El presidente cubano, Miguel Díaz-Canel, define el escenario actual como de "asfixia económica", apela a la "unidad" y la "resistencia" de los cubanos y asegura estar dispuesto a "dialogar" con Washington.
En una puesta en escena poco habitual en la isla, el presidente cubano y primer secretario del Partido Comunista, Miguel Díaz-Canel, compareció este jueves durante más de dos horas ante los medios de comunicación, en la que fue su primera intervención pública desde el ataque estadounidense sobre Venezuela y la decisión de la Casa Blanca de imponer un bloqueo petrolero a Cuba. El mandatario definió el escenario actual como de "asfixia económica", apeló a la "unidad" y la "resistencia" del pueblo cubano y aseguró estar dispuesto a mantener un "diálogo" con Washington.

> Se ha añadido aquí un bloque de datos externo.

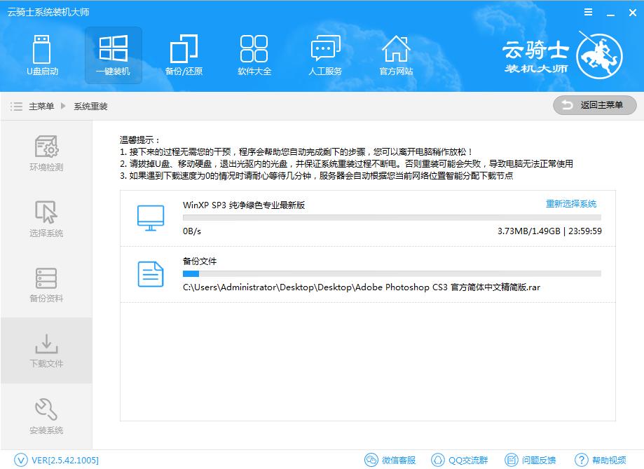 进入“下载文件”,云骑士在为用户提供全新系统下载的同时对文件进行备份,等待完成即可。如左图所示:
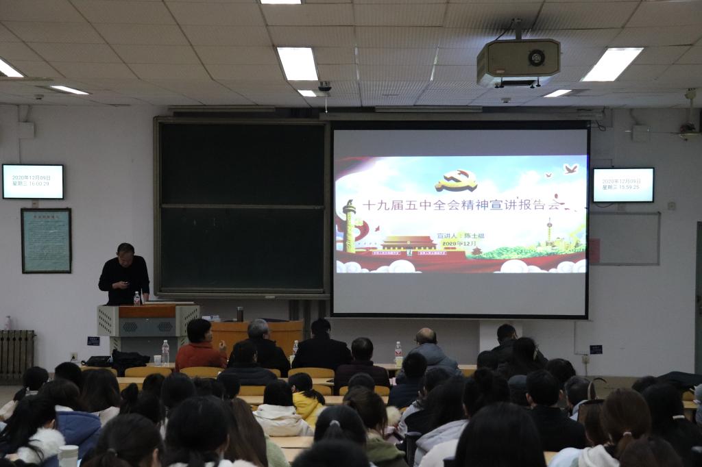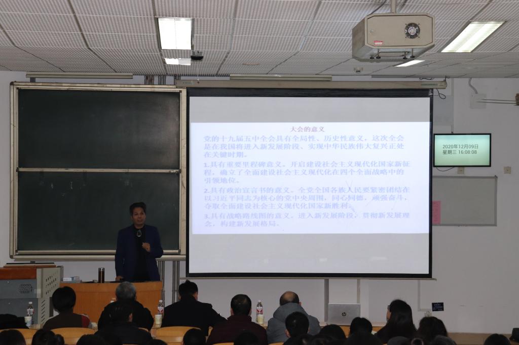 为深入学习贯彻党的十九届五中全会精神,根据校(院)《关于做好学习贯彻党的十九届五中全会精神宣讲工作的通知》要求,12月9日下午4点在教学南楼C2001教室,校(院)党的十九届五中全会精神宣讲团成员陈士福为部分师生作了党的十九届五中全会精神的宣讲报告,报告会由图书馆馆长段耀奎主持。图书馆泰安校区、期刊编辑部、口腔医公司和三亿体育全体教职工和部分员工党员近200人现场参加了报告会,图书馆济南校区教职工线上集中收看了报告。
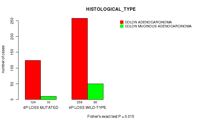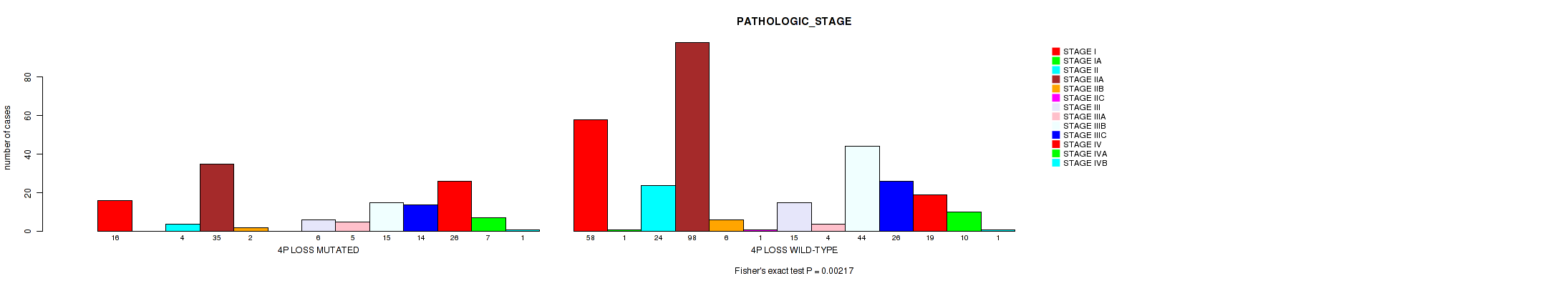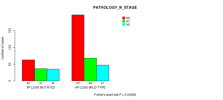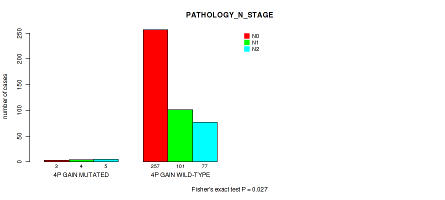 4p loss cnv correlated to 'PATHOLOGIC_STAGE', 'PATHOLOGY_N_STAGE', 'PATHOLOGY_M_STAGE', 'HISTOLOGICAL_TYPE', and 'NUMBER_OF_LYMPH_NODES'.

Asimismo, advirtió de la necesidad de asumir "sacrificios" y avanzó nuevos planes para afrontar la crisis energética que atraviesa la isla. "No es una opción rendirse", afirmó.

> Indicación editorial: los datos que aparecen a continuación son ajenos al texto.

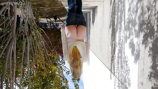 Infatuating blonde honey shows puffies and cooter in a bustling outdoors shoot
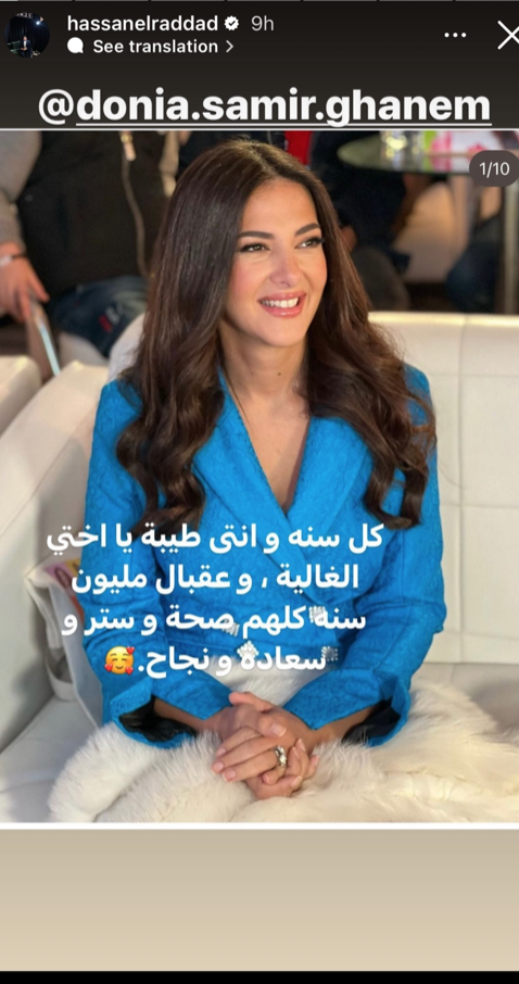 ونشرت حسن الرداد صور لدنيا سمير غانم و علق قائلا : كل سنة و انتي طيبه ا اختي الغاليه ، و عقبال مليون سنه كلهم ستر و صحة و سعاده و نجاح .
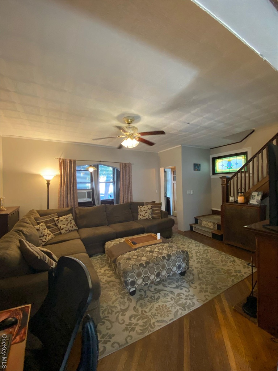- Living room with wood finished floors, stairs, and a ceiling fan
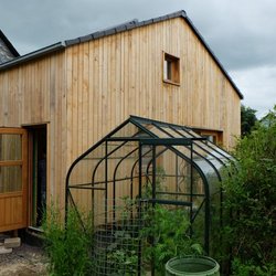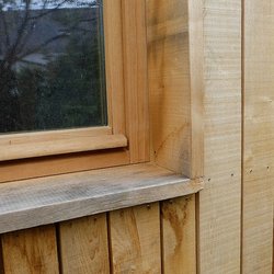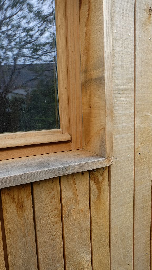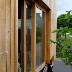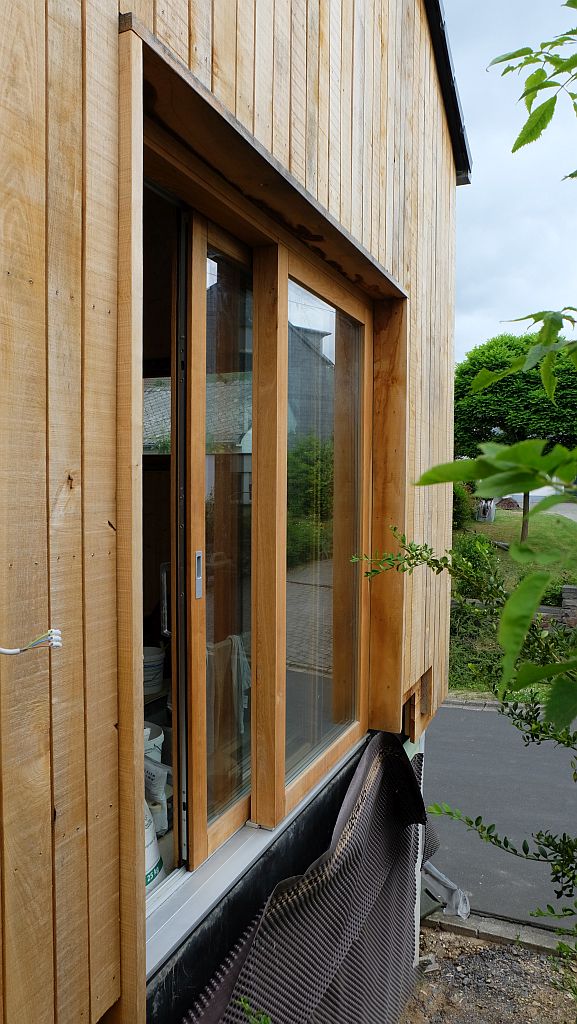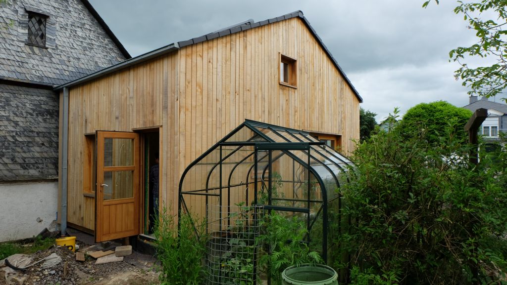 Erweiterung eines sanierten Fachwerkhauses. Holzständerbau kombiniert mit Massivholzelementen. Innen mit Lehmputz außen mit Bretterschalung aus Kastanienholz.

Aunque Donald Trump aseguró recientemente que Washington ya mantiene "negociaciones a alto nivel" con La Habana, las autoridades cubanas no se habían pronunciado explícitamente hasta ahora. Durante su comparecencia, Miguel Díaz-Canel reiteró que Cuba está dispuesta a dialogar con Estados Unidos "sobre cualquier tema", pero dejó claro que solo aceptará conversaciones "sin presiones", "sin precondiciones" y desde "el respeto a la soberanía nacional".
En la misma línea, el viceministro de Relaciones Exteriores cubano, Carlos Fernández de Cossío, ya habían expresado en una entrevista reciente que La Habana se muestra dispuesta a discutir con Washington sobre "cualquier asunto", pero sin abrir la puerta a cambios en su sistema político: "No estamos listos para discutir nuestro sistema constitucional, así como suponemos que Estados Unidos no está listo para discutir el suyo", afirmó. En la comparecencia de este 5 de febrero, Miguel Díaz-Canel reforzó esa línea al insistir en la "continuidad" del proyecto político cubano y apelar a la "unidad nacional" como mejor respuesta a las sanciones estadounidenses.

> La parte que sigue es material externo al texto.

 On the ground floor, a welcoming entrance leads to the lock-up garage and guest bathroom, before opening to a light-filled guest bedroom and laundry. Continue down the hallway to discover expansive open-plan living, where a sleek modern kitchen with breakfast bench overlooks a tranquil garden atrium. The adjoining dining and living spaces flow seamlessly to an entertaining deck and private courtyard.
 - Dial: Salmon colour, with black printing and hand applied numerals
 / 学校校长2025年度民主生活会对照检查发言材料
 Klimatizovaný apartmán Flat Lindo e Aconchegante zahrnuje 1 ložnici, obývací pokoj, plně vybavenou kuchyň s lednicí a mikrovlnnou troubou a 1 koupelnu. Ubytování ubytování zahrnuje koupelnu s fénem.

Aunque Díaz-Canel calificó las medidas impulsadas por Trump como una política de "bloqueo criminal", evitó elevar el tono confrontativo y llegó a enumerar varios ámbitos en los que, a su juicio, ambos países podrían empezar a cooperar. "Temas migratorios, de seguridad, de lucha contra el narcotráfico, contra el terrorismo, y cuestiones medioambientales vinculadas al golfo de México y a las corrientes marinas", señaló, antes de lamentar "de cuántas cosas privamos a ambos pueblos por esa política decadente, prepotente y criminal de bloqueo".
Cuba atraviesa un momento de extrema debilidad. La nación caribeña ha sido la principal afectada por el ataque estadounidense sobre Venezuela, puesto que la Casa Blanca exigió a Caracas el corte del suministro petrolero que históricamente había ayudado a la isla a compensar su crónica escasez de energía. Este golpe ha agravado el déficit energético que vive la isla: el país requiere alrededor de 110.000 barriles de petróleo diarios para cubrir su demanda básica, pero apenas logra extraer 40.000 barriles de crudo pesado de producción nacional, lo que obliga a depender de importaciones externas en un contexto cada vez más restringido.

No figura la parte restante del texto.